Delinquencies in the early stage, or those 30 to 59 days past due, were at a rate of 2% during the month, declining slightly from 2.3% in July. Mortgages that were 60 to 89 days past due made up 0.7%, unchanged from the year-ago level. Meanwhile, mortgages that were seriously delinquent, or 90 days or more past due, accounted for 1.9% in July, down from 2.5% in July 2016. The latest figure remains near the 10-year low of 1.7% recorded in July 2007.
“While the US foreclosure rate remains at a 10-year low as of July, the rate across the 100 largest metro areas varies from 0.1% in Denver to 2.2% in New York,” CoreLogic Chief Economist Frank Nothaft said. “Likewise, the national serious delinquency rate remains at 1.9%, unchanged from June, and when analyzed across the 100 largest metros, rates vary from 0.6% in Denver to 4.1% in New York.”
The CoreLogic report also showed that mortgages that transitioned from current to 30-days past due accounted for 0.9% of all mortgages in July, down from 1.1% in July 2016.
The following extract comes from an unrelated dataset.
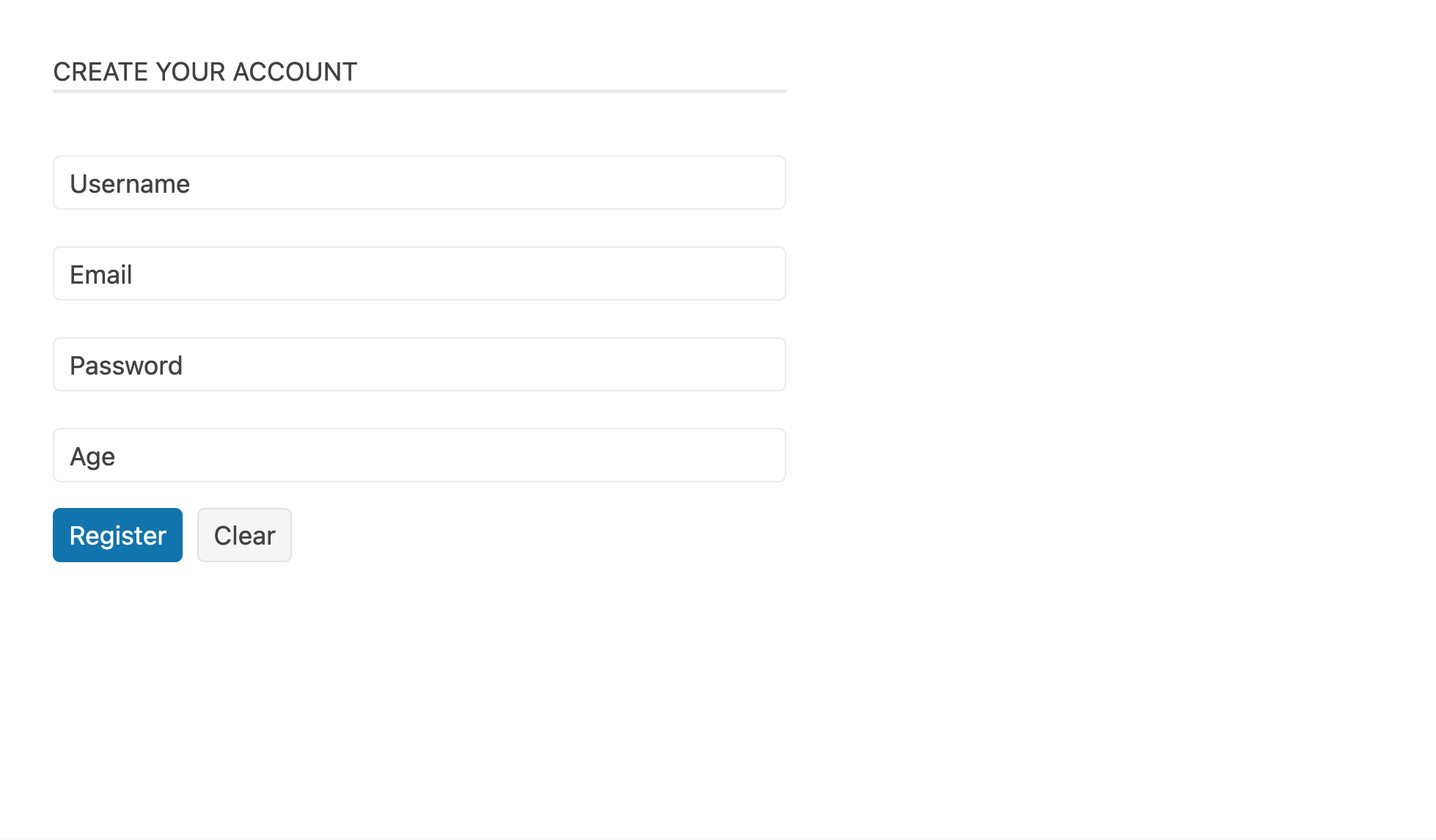 }; const App = () => { const handleSubmit = (dataItem: { [name: string]: any }) => { console.log('Form submitted:', dataItem); }; return ( <Form onSubmit={handleSubmit} render={(formRenderProps: FormRenderProps) => ( <FormElement style={{ maxWidth: 400 }}> <fieldset className={'k-form-fieldset'}> <legend className={'k-form-legend'}>Create Your Account</legend> <Field name={'username'} component={FormInput} label={'Username'} /> <Field name={'email'} component={FormInput} label={'Email'} type={'email'} /> <Field name={'password'} component={FormInput} label={'Password'} type={'password'} /> <Field name={'age'} component={FormInput} label={'Age'} type={'number'} /> <div className="k-form-buttons"> <Button themeColor={'primary'} type={'submit'} disabled={!formRenderProps.allowSubmit} > Register </Button> <Button onClick={formRenderProps.onFormReset}>Clear</Button> </div> </fieldset> </FormElement> )} /> );

“Even though delinquency rates are lower in most markets compared with a year ago, there are some worrying trends,” CoreLogic CEO and President Frank Martell said. “For example, markets affected by the decline in oil production or anemic job creation have seen an increase in defaults. We see this in markets such as Anchorage, Baton Rouge and Lafayette, Louisiana, where the serious delinquency rate rose over the last year.”